Bastiat wisely proclaimed that law is appropriately a negative assertion.  It is rarely to be used to compel an action towards good.  Rather, it is a limiting agency that has no personified preferences.  “But when the law, by means of its necessary agent, force, imposes upon men a regulation of labor, a method or a subject of education, a religious faith or creed - then the law is no longer negative; it acts positively upon people. It substitutes the will of the legislator for their own initiatives. When this happens, the people no longer need to discuss, to compare, to plan ahead; the law does all this for them.
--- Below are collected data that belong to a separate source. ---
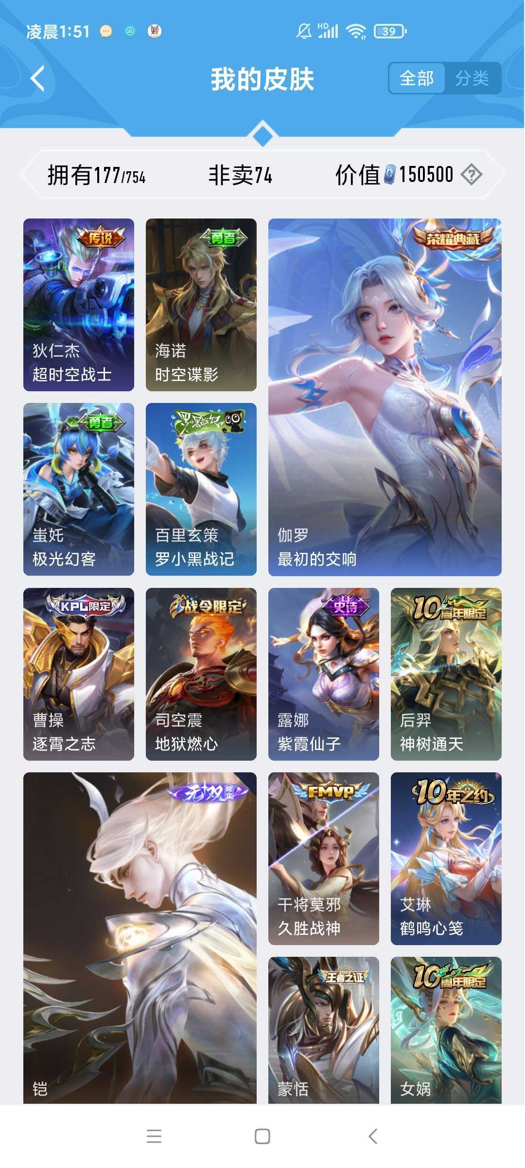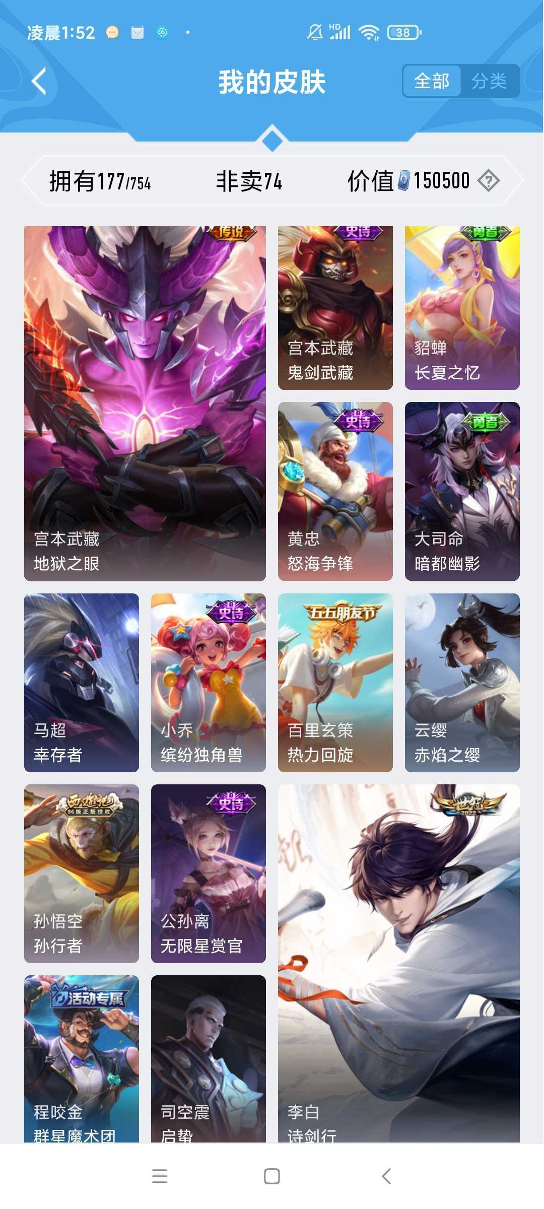 女生号 贵10 多皮肤多传说 别拿那些空号v10来比 要看性价比 貂蝉武则天夏侯惇孙悟空李白鲁班小乔荣耀水晶 妲己九尾无双皮肤 80个传说 473皮肤
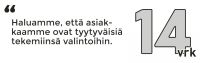 Haluamme, että asiakkaamme ovat tyytyväisiä tekemiinsä ratkaisuihin. Siksi tarjoamme aina tuotteillemme 14 vuorokauden vaihto- ja palautusoikeuden.
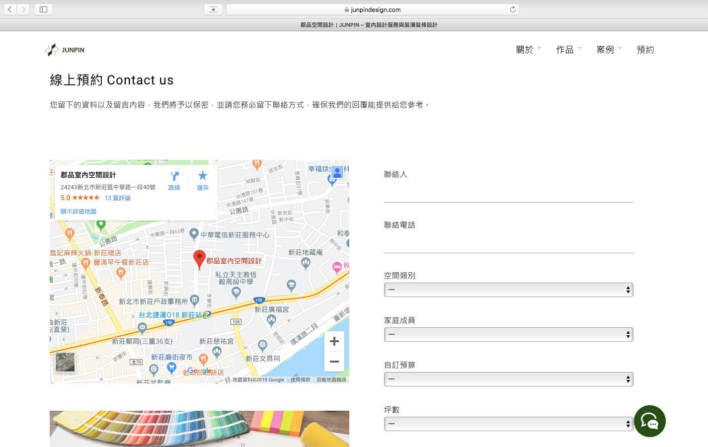 空間室內設計網站作品案例:JUNPIN室內設計(網頁設計公司形象網站
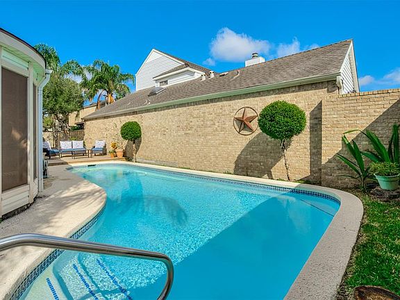 Kustom Kastle Patio home in the popular University Green community. Open concept, high ceilings, crown molding, stone fireplace, formal dining, plantation shutters, kitchen has plenty of counter and cabinet space, updated appliances (2019), breakfast area with a view of the pool and wall of windows, decking, updated primary bathroom, updated secondary bathroom with/a skylight, community park and pool, conveniently located to local amenities, restaurants, shopping, CCISD
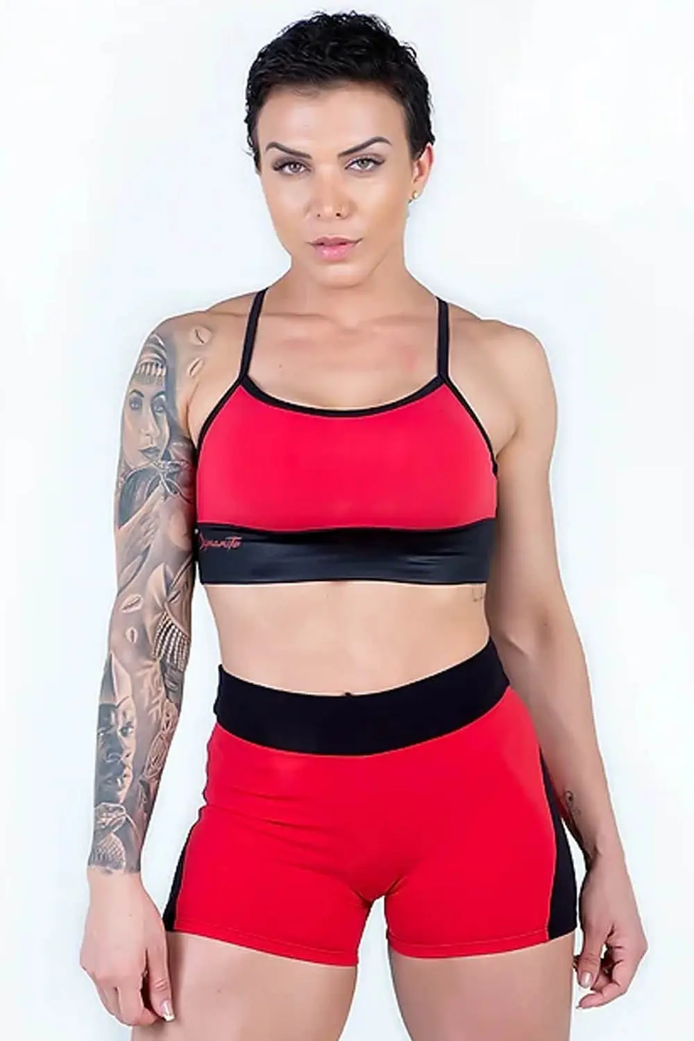 Get ready to crush your workout in style with our bold and beautiful red fitness top! Featuring sleek black shoulder straps and a waistline-enhancing black detailings and an additional black fabric over the back, this top is designed to make you look and feel amazing.

Intelligence becomes a useless prop for the people; they cease to be men; they lose their personality, their liberty, their property.”

Herein lies Bastiat’s 19th Century warning to Americans in the Age of Obama.  Laws come from the people whom we elect to state and national legislatures.  No less than 7,382 state representatives and state senators collect across fifty capitols every year to enact opinions in the form of state statute.  States typically limit the number of bills that can be carried by a legislator for each session, from five to fifteen.  If the average state legislator carries five bills, that is 36,910 potential new laws promoted annually within the states.  Add to that the actions of 100 senators and 435 representatives at the federal level and we have a mob of powerful people looking to turn their utopian ideals into citizen requirements with compliance backed by weapons and prisons.  Bastiat’s The Law has been well maintained for 21st Century consumption as a book widely available in modern formats at all the usual places.


Thanks to the foresight of America’s Founding Fathers, we have a Constitution and Supreme Court.  The Constitution maintains a standard of rights against which all of the new laws are to be measured.  The primary intent of the Supreme Court is similarly negative as the creation of law.  They are tasked to determine whether a law is compatible with the United States Constitution.  And provided that they do not promote their own ideology, the notion of having this final authority is sagacious.

But, President Obama’s untempered glee at the opportunity to appoint a new member of the Supreme Court in his first year in office was an early indication of the intended misuse of an institution that deserves far more solemn regard.  So I say, “Thank God for Senior Associate Antonin Scalia,” who spent much of the month of June pressing his fingers into the holes of the marble dykes of Washington, D.C.  The 2013 Summer decisions from the Supreme Court show how Justice Scalia has been steering the entire ship with the influence of his powerful reasoning.  The highlight was the rare moment of reading a dissenting opinion, rather than the usual printed delivery.

Scalia joins fellow Townhall personality Hugh Hewitt in astute quotes on this important understanding, leading up to the 237th annual celebration this week of our nation’s birth.  Scalia accused the liberal members of the Supreme Court as having, “an exalted notion of the role of this court in American democratic society."  American liberals are now aggressively advancing their philosophy through positive assertions of the law.  This is a terrifically dangerous phenomenon that is prevented only as Antonin Scalia is able to find sufficient humility and rationale in his fellow justices.  As Hugh Hewitt stated on his radio program last Friday, “Government is now self-actualizing; having its own motivations.”